1) How do I uninstall PCI Drivers
2) Are you *certain* Windows will automatically reinstall them


----------



## hwm54112 (Oct 10, 2005)

Windows should automatically install them. I'd never say I'm certain about anything where software is concerned. That said, try rolling back the drives. To perform either, in device manager, click system devices, right click on the device in device manager - choose update/rollback or uninstall


----------



## kyris (Oct 15, 2007)

hello. i have a compaq hp 8510p notebook with ati mobility radeon hd 2600. i recently formated vista and installed xp pro. i didn't have any problems for like a week now, until today all of a sudden i got the blue screen with the ati2dvag error (0x000000ea). i think i had the latest drivers installed and the latest directx. it has not happened and i hope it won't happen again but is there anything i could do to ensure it?

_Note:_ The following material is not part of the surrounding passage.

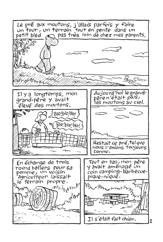 Résumé : Dans ce nouveau récit autobiographique de Tofépi, il est question d’un terrain familial sur lequel son grand-père élevait des moutons. Pour l’auteur, c’est un territoire de promenade, un lieu de pause et de découvertes étranges (une tortue), de nettoyage ou d’un essai de recherche d’eau avec une tige de noisetier. Au cœur de cet album, il y a le jour où, à trente-et-un an, sa mère a dit à Tofépi qu’il allait devoir quitter le domicile familial. Emménagement dans un petit appartement, vie solitaire, coexistence avec un chat et rebondissements éditoriaux s’ensuivent.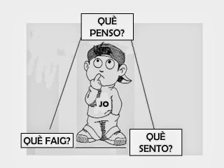 Per tal d’ajudar l’infant a reconèixer que està enfadat, podem fer l’exercici de “què sento al cos?” en el que s’anomena el termòmetre de la ràbia i revisar després el triangle: què penso? què sento? I què faig? a més a més d’avaluar la situació (què passa?).

btw, i tried searching for my card's drivers at ati.com but there are no drivers listed for mobility hd 2600. only for radeon hd 2600.

thanks


----------



## TheMatt (May 9, 2006)

If it only happened once I would say just watch to see if it happens again. If it happens again however once more with the same error then I would try some different drivers, namely the 7.8's or 7.9's depending on which you have now.


----------



## kyris (Oct 15, 2007)

it's just happened again.
on the properties of my display adapter, driver date: 24/09/2007 version: 8.391.2.1110
i downloaded them 3 days ago from: http://h20000.www2.hp.com/bizsuppor...sId=3355678&swLang=8&taskId=135&swEnvOID=1093
which has all the drivers for my laptop's model.

please help me..

edit: i did some research on it on google and it seems a lot of people have this problem. i've read something about a file infinst_enu or something but wasn't able to find more details and also some stuff about modifying some .ini files.. haven't done anything yet, though.


----------



## TheMatt (May 9, 2006)

Try these:
http://game.amd.com/us-en/drivers_catalyst.aspx?p=vista32/common-vista32
http://ati.amd.com/support/drivers/vista32/previous/common/common-cat79-vista32.html


----------



## kyris (Oct 15, 2007)

i told you that i've installed xp..


----------



## TheMatt (May 9, 2006)

Whoops. :embarased

http://game.amd.com/us-en/drivers_catalyst.aspx?p=xp/radeonx-xp
http://ati.amd.com/support/drivers/xp/previous/radeon/radeonxip-cat79-xp.html
http://ati.amd.com/support/drivers/xp/previous/radeon/radeonxip-cat78-xp.html


----------



## kyris (Oct 15, 2007)

all right, and how should i know that my problem is fixed? i'll just have to wait and see if it happens again?
shall i installed the latest, btw? 7.9?


----------



## TheMatt (May 9, 2006)

Yeah, you just have to wait and see if it happens again unfortunately. Try the 7.9's, if those don't work try the 7.8's.


----------



## kyris (Oct 15, 2007)

i don't need the control center right? just the drivers..


----------



## TheMatt (May 9, 2006)

Yeah. I would put the control center on but it is not necessary.


----------



## kyris (Oct 15, 2007)

i downloaded 7.9 and tried to install it but got the message: setup did not find a driver compatible with your current hard or operating system.
the same message while trying to install 7.11.
and 7.8


----------



## TheMatt (May 9, 2006)

What drivers were you using before you you downloaded the ones from the link you posted above?


----------



## kyris (Oct 15, 2007)

kyris said:


> it's just happened again.
> on the properties of my display adapter, driver date: 24/09/2007 version: 8.391.2.1110
> i downloaded them 3 days ago from: http://h20000.www2.hp.com/bizsuppor...sId=3355678&swLang=8&taskId=135&swEnvOID=1093
> which has all the drivers for my laptop's model.


----------



## TheMatt (May 9, 2006)

Yes but which drivers were you using before those?


----------



## kyris (Oct 15, 2007)

i don't know, i had windows vista installed:/


----------



## TheMatt (May 9, 2006)

Have you tried just reinstalling the drivers?


----------



## kyris (Oct 15, 2007)

i will try now.. why does it say, however, that it cannot find compatible drivers for the hardware? isn it weird?


----------



## TheMatt (May 9, 2006)

This happens sometimes. They both use the same GPU chipset to my knowledge however often the driver installer is too restrictive and will not allow different cards that use the same chipset.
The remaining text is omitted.